TASK INPUT:
##########

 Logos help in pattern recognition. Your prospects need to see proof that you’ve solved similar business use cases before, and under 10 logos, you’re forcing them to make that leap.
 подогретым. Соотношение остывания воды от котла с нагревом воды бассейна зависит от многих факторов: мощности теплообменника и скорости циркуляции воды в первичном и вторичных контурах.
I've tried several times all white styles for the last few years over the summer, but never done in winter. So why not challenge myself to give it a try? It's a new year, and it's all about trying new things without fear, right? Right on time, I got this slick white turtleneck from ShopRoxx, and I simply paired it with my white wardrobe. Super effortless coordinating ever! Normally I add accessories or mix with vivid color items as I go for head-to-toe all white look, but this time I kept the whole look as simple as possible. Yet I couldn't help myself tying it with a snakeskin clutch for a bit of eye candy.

##########

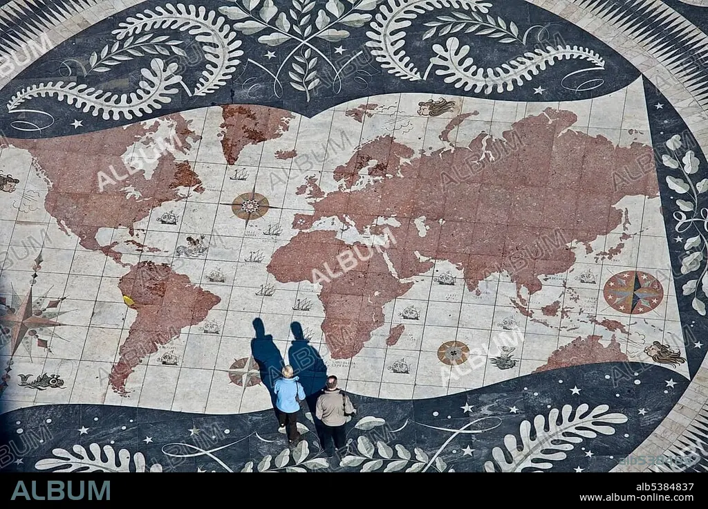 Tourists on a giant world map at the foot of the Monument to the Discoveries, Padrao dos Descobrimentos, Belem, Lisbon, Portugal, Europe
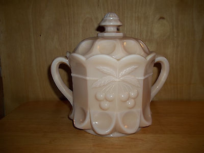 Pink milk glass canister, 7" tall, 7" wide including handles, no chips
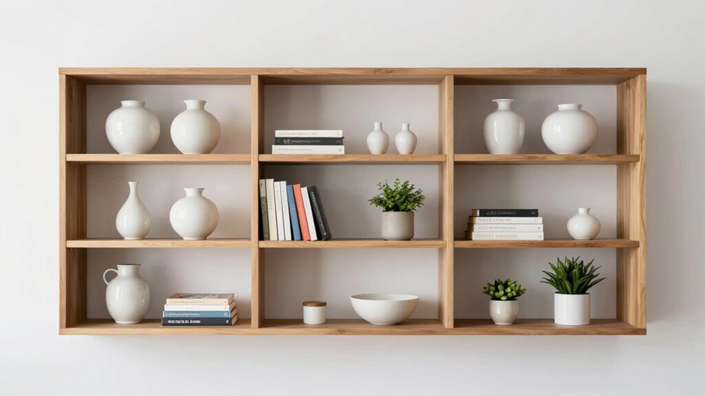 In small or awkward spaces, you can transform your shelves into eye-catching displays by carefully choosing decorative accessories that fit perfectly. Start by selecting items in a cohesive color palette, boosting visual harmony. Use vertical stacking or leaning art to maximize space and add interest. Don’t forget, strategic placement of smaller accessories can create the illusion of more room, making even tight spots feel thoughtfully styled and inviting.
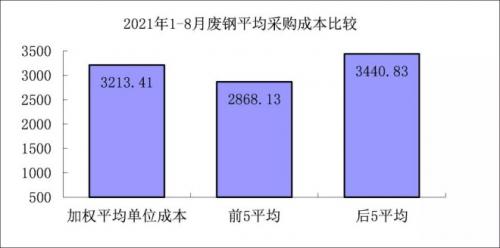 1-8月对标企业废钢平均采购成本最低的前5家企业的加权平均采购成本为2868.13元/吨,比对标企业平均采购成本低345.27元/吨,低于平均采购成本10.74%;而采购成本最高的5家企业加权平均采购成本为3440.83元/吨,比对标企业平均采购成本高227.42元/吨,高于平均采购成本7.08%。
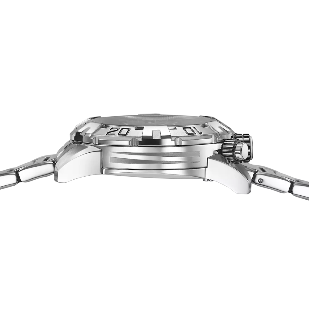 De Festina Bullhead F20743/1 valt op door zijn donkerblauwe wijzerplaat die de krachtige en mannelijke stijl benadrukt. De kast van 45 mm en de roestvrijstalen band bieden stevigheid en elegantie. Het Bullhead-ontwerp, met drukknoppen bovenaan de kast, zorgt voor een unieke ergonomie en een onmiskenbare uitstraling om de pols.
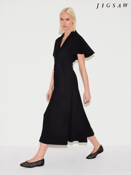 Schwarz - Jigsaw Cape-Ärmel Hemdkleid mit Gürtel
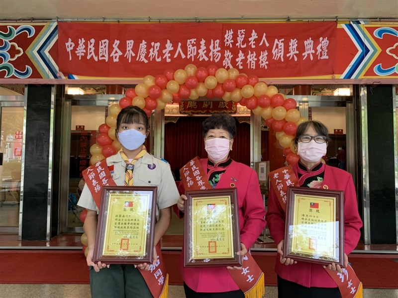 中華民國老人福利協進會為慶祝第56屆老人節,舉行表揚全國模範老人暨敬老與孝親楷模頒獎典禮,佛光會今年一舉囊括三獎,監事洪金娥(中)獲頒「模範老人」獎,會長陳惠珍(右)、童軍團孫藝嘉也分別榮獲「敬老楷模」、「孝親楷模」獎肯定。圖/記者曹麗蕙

##########

REQUIRED WORK: Using the data above, output the line that has "Pink milk glass", the line that has "中華民國老人福利協進會為慶祝", and whatever lines fall between, each exactly as it stands and without pictures.

EXERCISE RESULT:
 Pink milk glass canister, 7" tall, 7" wide including handles, no chips
 In small or awkward spaces, you can transform your shelves into eye-catching displays by carefully choosing decorative accessories that fit perfectly. Start by selecting items in a cohesive color palette, boosting visual harmony. Use vertical stacking or leaning art to maximize space and add interest. Don’t forget, strategic placement of smaller accessories can create the illusion of more room, making even tight spots feel thoughtfully styled and inviting.
 1-8月对标企业废钢平均采购成本最低的前5家企业的加权平均采购成本为2868.13元/吨,比对标企业平均采购成本低345.27元/吨,低于平均采购成本10.74%;而采购成本最高的5家企业加权平均采购成本为3440.83元/吨,比对标企业平均采购成本高227.42元/吨,高于平均采购成本7.08%。
 De Festina Bullhead F20743/1 valt op door zijn donkerblauwe wijzerplaat die de krachtige en mannelijke stijl benadrukt. De kast van 45 mm en de roestvrijstalen band bieden stevigheid en elegantie. Het Bullhead-ontwerp, met drukknoppen bovenaan de kast, zorgt voor een unieke ergonomie en een onmiskenbare uitstraling om de pols.
 Schwarz - Jigsaw Cape-Ärmel Hemdkleid mit Gürtel
 中華民國老人福利協進會為慶祝第56屆老人節,舉行表揚全國模範老人暨敬老與孝親楷模頒獎典禮,佛光會今年一舉囊括三獎,監事洪金娥(中)獲頒「模範老人」獎,會長陳惠珍(右)、童軍團孫藝嘉也分別榮獲「敬老楷模」、「孝親楷模」獎肯定。圖/記者曹麗蕙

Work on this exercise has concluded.